Monday, August 18, 2014

The Robot Guitar Teacher

Seen at Instapundit today: Can Rocksmith 2014 Really Teach You to Play Guitar?
Following the phenomenal success of games like Guitar Hero and Rock Band, Ubisoft sensed an opportunity. If gamers went nuts for playing real rock songs on plastic guitars, why wouldn't they swoon for a game that let them score fake points with a real axe? After years of development, in 2011, Rocksmith was born.

Last fall, Ubisoft released a new version. But Rocksmith 2014 is considered a replacement rather than an update: The company is trying to rebrand the franchise not as a game but as a teaching tool. The box bears a fat label proclaiming "The fastest way to learn guitar," and Ubisoft launched an ad campaign promising that Rocksmith 2014 could teach prospective shredders to play guitar or bass in just 60 days.

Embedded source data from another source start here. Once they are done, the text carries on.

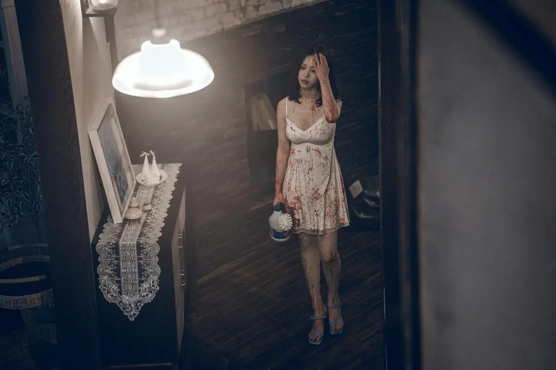 In the present day, focus is given to the beautiful decor and bright hues of Yeong-ha’s vacation rental, as well as the vibrant, fashionable clothes Seong-a wears. It makes for striking images – like when her sexy white nightdress is splattered with blood as she walks around the rustic vacation house.
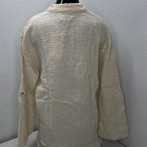 Features: Crinkled texture, V-neckline, relaxed fit, long sleeves, breathable fabric, pullover style
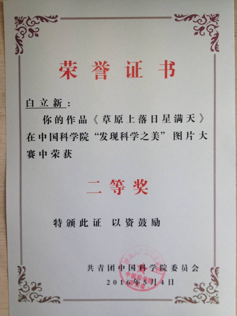 在中科院团委近期举办的“发现科学之美”图片大赛中,赢乐welcome超声技术中心白立新副研究员的作品“草原落日星满天”荣获二等奖,并在中科院团委纪念“五四”运动九十七周年暨“发现科学之美”图片大赛表彰交流会上收到表彰。
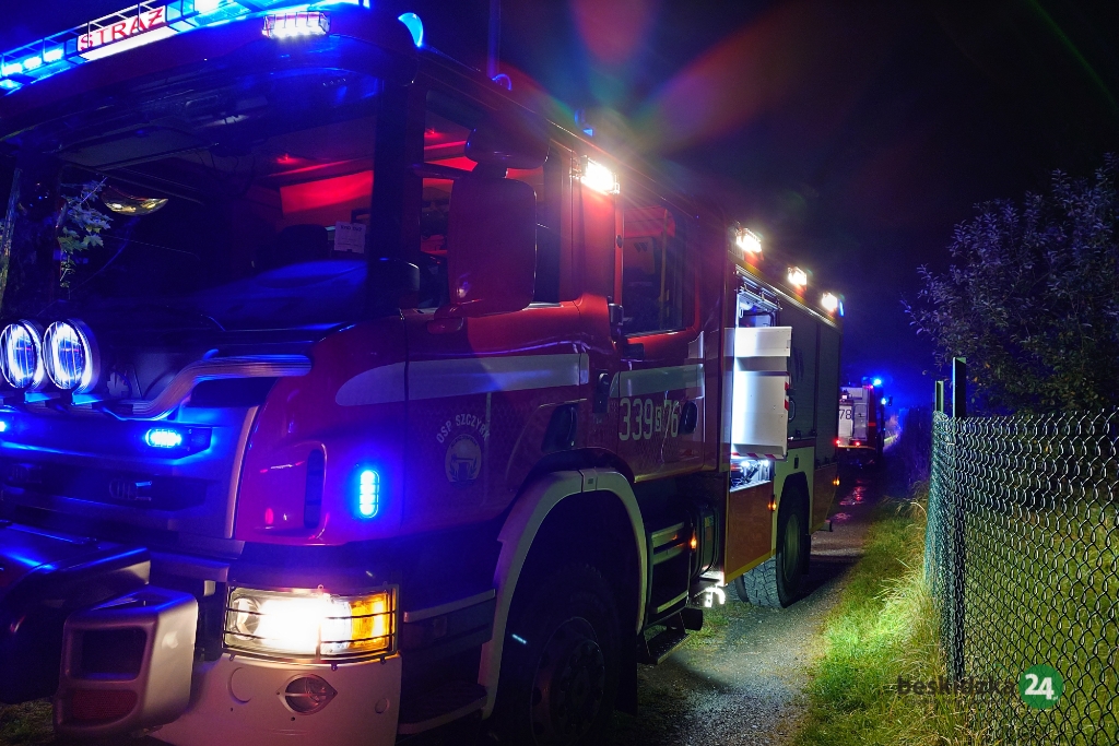 Zgłoszenie pożaru wpłynęło z WCPR o godz. 2.00. – Zostaliśmy wysłani do pożaru poddasza w budynku letniskowym. Po dojeździe na miejsce okazało się, że od kominka zapaliło się ocieplenie i konstrukcja dachu w pobliżu komina. Na szczęście pożar udało się zlokalizować bez rozbierania dachu, wycięliśmy tylko kawałek ścianki działowej i ocieplenia. Zespół ratownictwa medycznego przebadał kobietę, która uskarżała się na ból głowy, nie było konieczności hospitalizacji – powiedział nam mł. bryg. Marcin Rutkowski z JRG1 w Bielsku-Białej
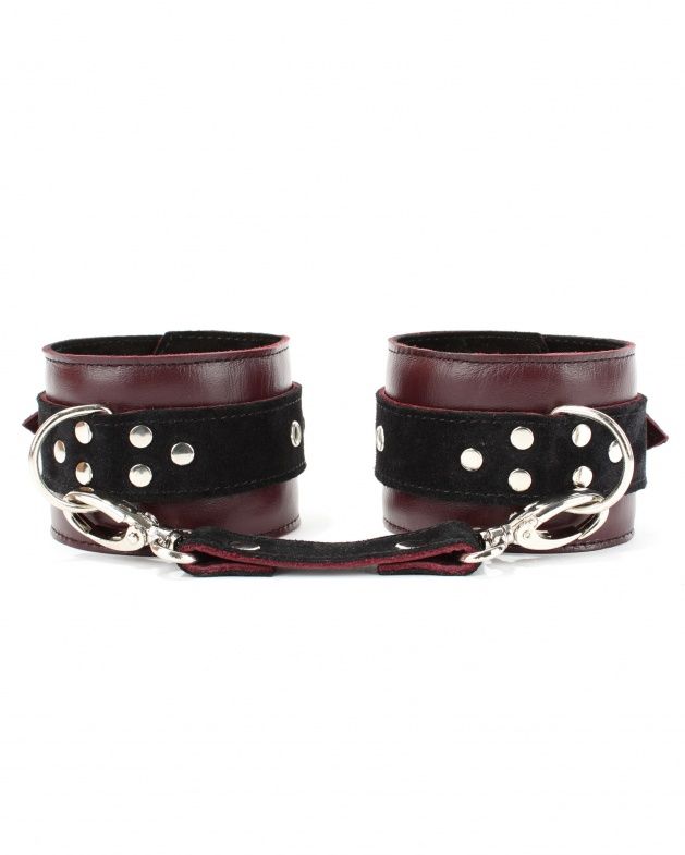 Наручники выполнены из натуральной кожи цвета бордо. Изделие декорировано ремнями из замши черного цвета. Обратная сторона изделия тоже выполнена из черной замши. По середине наручника расположено полукольцо из сварной фурнитуры. Наручники надежно фиксируются пряжками и ремнями, позволяющими выбрать нужный размер, подойдут на обхват руки от 16 до 25 см. Кожаное соединение на карабинах фиксирует наручники вместе. Стильные наручники отлично подходят для воплощения эротических БДСМ игр. Ширина - 6 см.
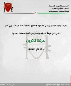 ولم تمض أسابيع قليلة على تشكيل “الجبهة السورية للتحرير” حتى انسحبت “فرقة سليمان شاه” منها، وإعلان انضمامها، أمس، إلى “حركة ثائرون” إحدى تشكيلات غرفة القيادة الموحدة “عزم”.
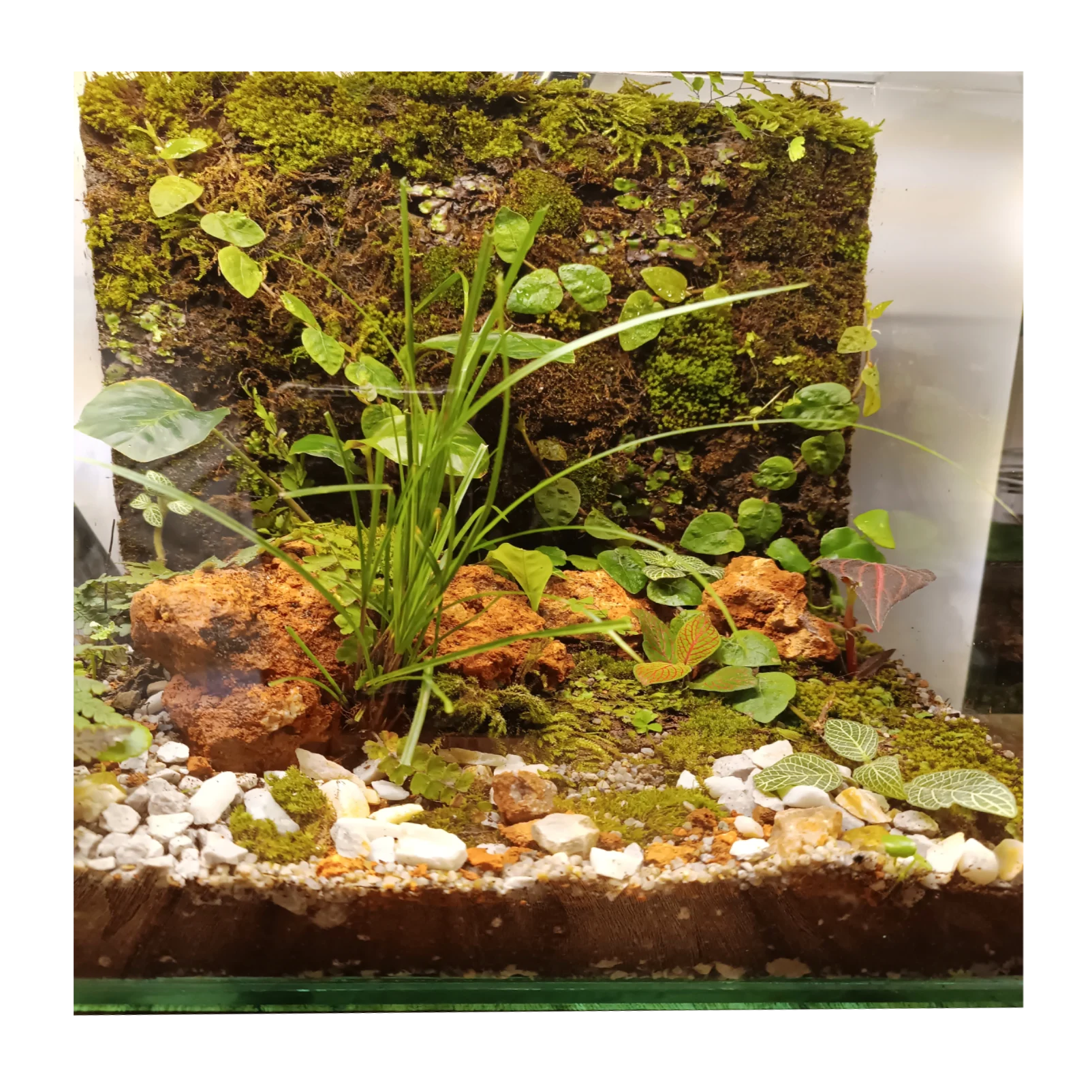 A wall covered with moss featuring hilly forest with natural landscape of foliage of wild grass, Ivy, Fern, Fittonia, PennyWort, Calathea and Coleus.
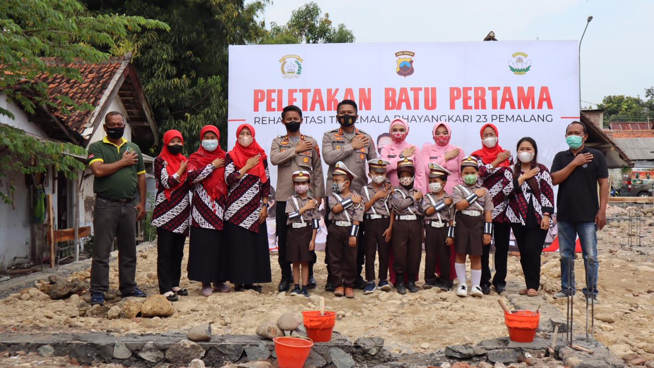 Pemalang – medialidikkrimsus-ri.net – Ditandai dengan prosesi peletakan batu pertama oleh Kapolres Pemalang AKBP Ari Wibowo bersama Ibu Ketua Bhayangkari Cabang Pemalang Ny. Anti Ari Wibowo, Kamis (25/03/2022), rehabilitasi TK Kemala Bhayangkari 23 Pemalang mulai dikerjakan dengan dukungan penuh dari Pemerintah Kabupaten Pemalang melalui Dinas Pendidikan dan Kebudayaan.
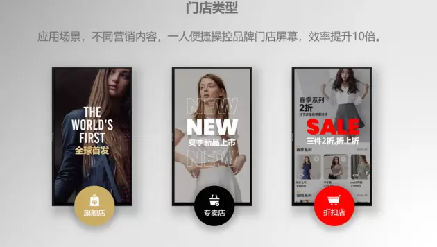 仙视“门店标牌云”是仙视集团自主研发的屏幕内置管理系统,可多场景应用满足多行业门店管理需求。为品牌方千家门店提供统一高效地屏幕管控和内容服务。针对服装品牌旗下 ,旗舰店、专门店、折扣店等不同门店类型 ,系统可实现设备形态统一管理,发布策略记忆,可做到不同应用场景,不同营销内容,一键发送千家店铺终端显示,高效运营节省成本。
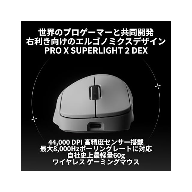 Logicool G 8000Hz ポーリングレート PRO X SUPERLIGHT 2 DEX 44K DPI ワイヤレス ゲーミングマウス GPROXSL-WLDEXWH エルゴノミクス 右手 軽量 60g LIGHTFORCE ハイブリッドスイッチ LIGHTSPEED USB Type-C 充電 POWERPLAY 対応 ゲーミング マウス 無線 windows ホワイト 国内正規品 | LIS MART
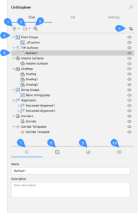 Civil Explorer 是管理和访问实体的主要面板。实体以树状视图排列,并按实体类型分组。
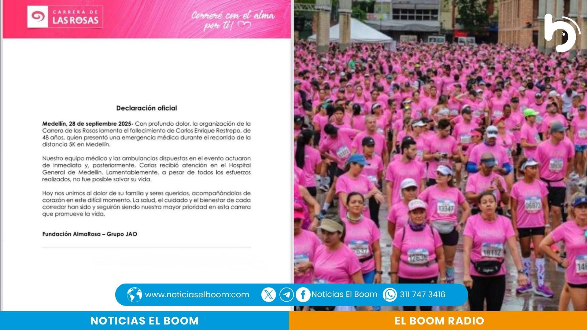 La noticia fue confirmada por la Fundación AlmaRosa y el Grupo JAO, organizadores de la carrera, quienes expresaron su profundo pesar por lo ocurrido. A través de sus redes sociales, lamentaron la pérdida y enviaron un mensaje de condolencia a la familia de Carlos Enrique, reiterando que la salud, el bienestar y la seguridad de los participantes siempre han sido una prioridad para la organización.
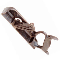 Plaina feita em ferro, em formato de caixa. Um dos lados é mais alto e a parte da frente é arredondada. Na parte de trás, há um punho também em ferro, vazado e arredondado, com recortes curvos para melhor apoio da mão. No centro, encontra-se um suporte inclinado onde fica o ferro cortante e sua capa, que podem ser ajustados por uma tarracha e fixados por um parafuso.
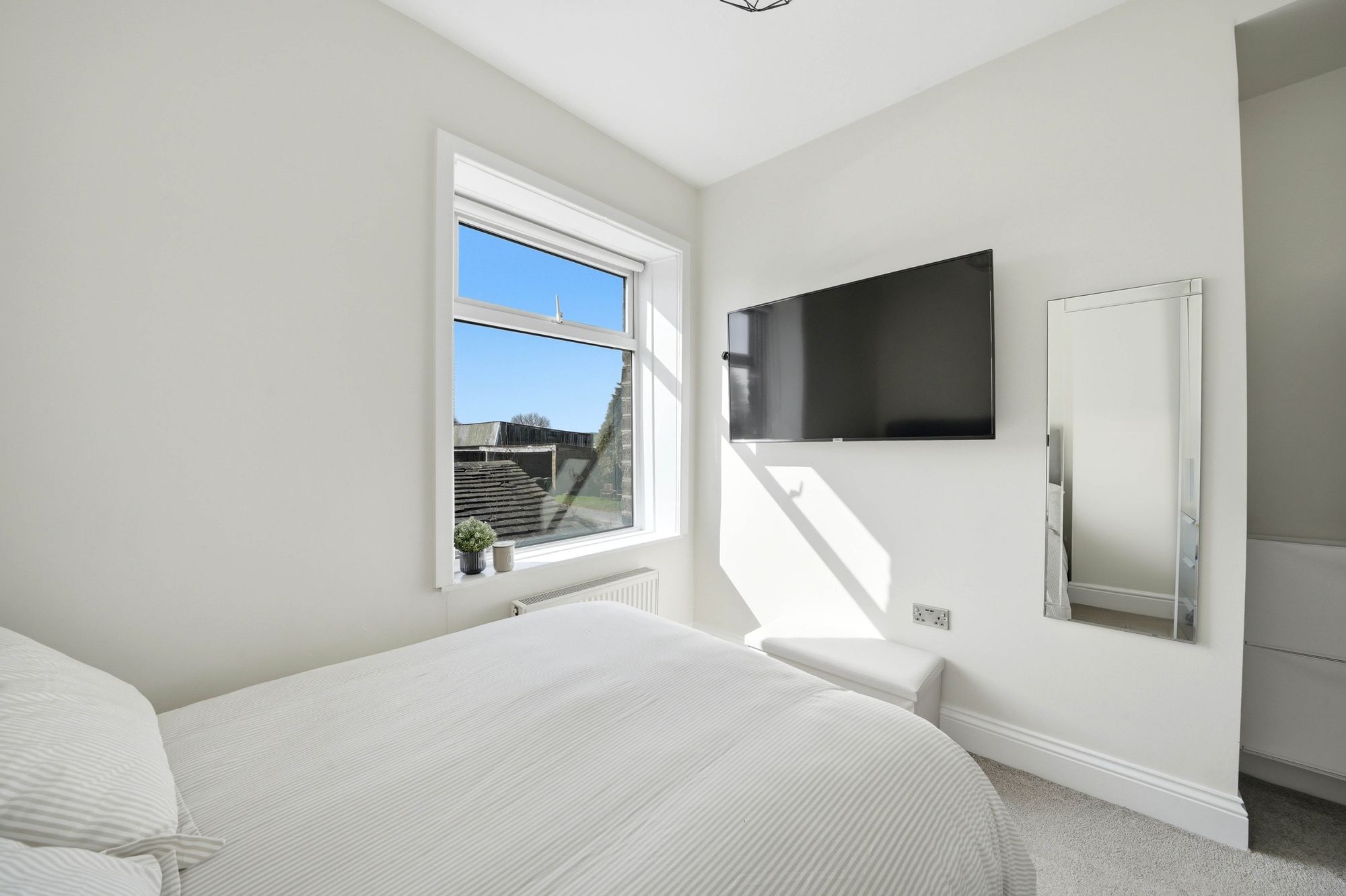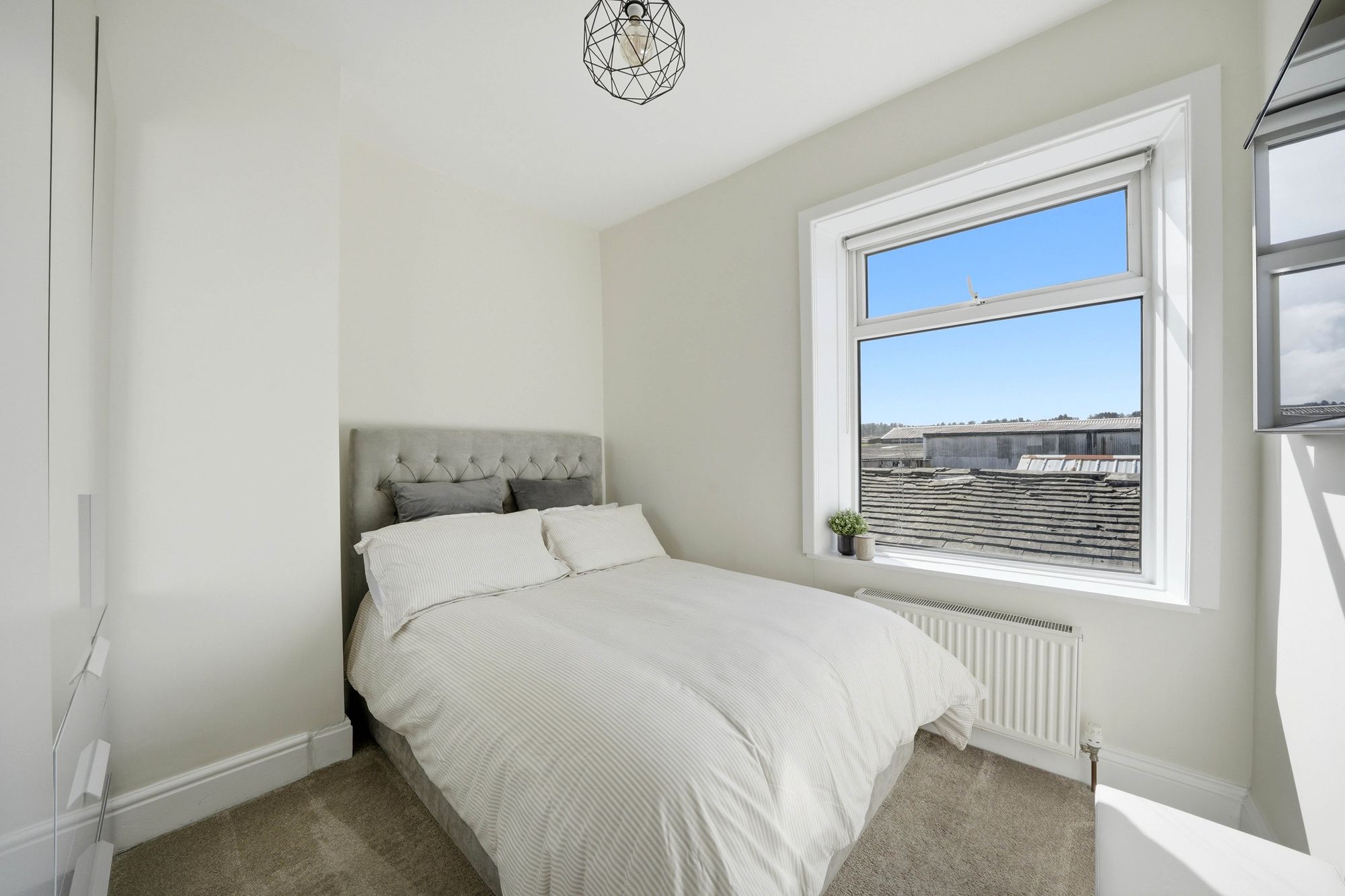 A double room with ceiling light point, central heating radiator, uPVC double glazed window and chimney breast.
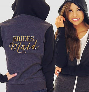 Celebrate your bridesmaid with this two tone fleece hoodie! The back graphic says "BRIDESMAID" in gold rhinestuds. Have her stand out at all the wedding events including the engagement party, bachelorette party, rehearsal dinners, getting ready the day of the wedding, and informal receptions.
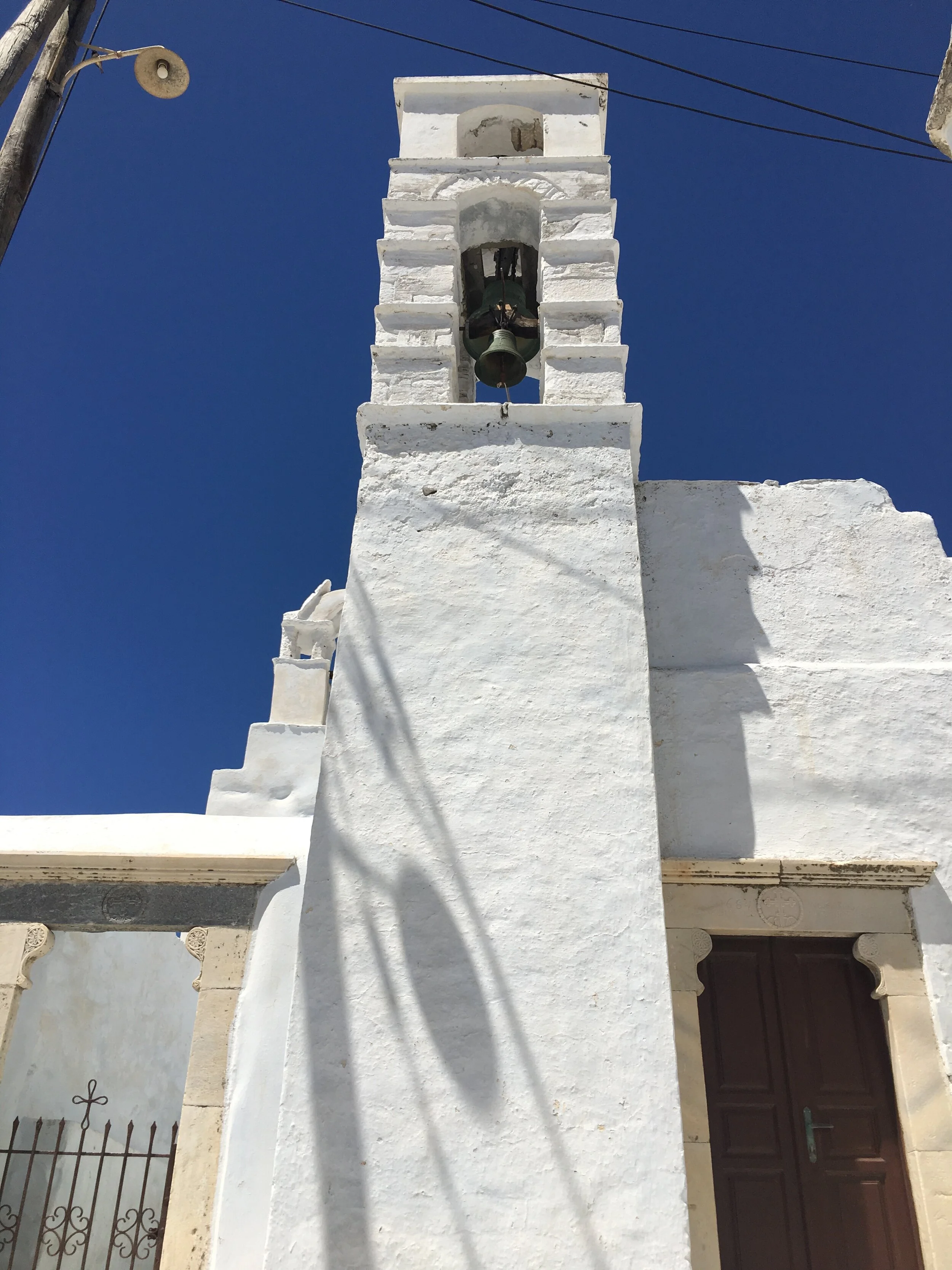 A white church bell tower with a small bell inside, set against a clear blue sky. The tower is attached to a white building with a dark brown door and decorative stone accents.

Frankly, learning to play a song the Rocksmith way is exhilarating. If I (Carl) had looked up the chords online, I could have played the song just as easily. But I might have stopped to scroll down on the computer screen or to relearn the first half of the song until I got it down pat. After a few progressively more difficult play-throughs on Rocksmith, I'd memorized the song without even thinking too hard about it.

The same kind of automatic difficulty adjustment works in Rocksmith's Lessons feature, which is just what it sounds like: a set of tutorials to teach players everything from how to hold the guitar and basic picking techniques, to how to bend, slide, and hammer on notes. Get them right and you'll advance to ever more challenging material. Struggle, and the oh-so-polite instructor tells you he's just going to slow that riff down a little and give you another crack at it. Herein lies Rocksmith's greatest strength as a teaching tool—it gives you the ability to learn at your own pace without fear of judgment.

If straightforward lessons aren't what you're looking for, fear not: Rocksmith 2014 tries to refresh your picking skills through games that veer into the ridiculous. I tried out Return to Castle Chordead, which revels in delightfully bad NES-style graphics (the game challenges the player to zap the hungry undead by playing the correct chords). Scales Racer—which, you guessed it, teaches the major and minor scales—puts the player in a car fleeing the police. Pick the right notes and you zip between lanes, eluding the fuzz.
. . .
If we've learned anything from this experience, it's that Rocksmith 2014 will do everything it can to try and teach you how to play the guitar, and it's got an amazing array of tools and lessons to do just that. But just like taking lessons from an actual instructor, you have to be willing to put in the time and practice, Practice, PRACTICE, even if it's boring—there are no shortcuts to properly learning your craft. And no matter how many zombies I kill in Rocksmith 2014's Return to Castle Chordead, I'm not really learning chords; instead, I've just learned how to play a video game with a real guitar as the controller.
It sounds like a fun way to learn a lot fast, but not a substitute for a good teacher. At least I hope so, one of my sons depends on guitar lessons for part of his income.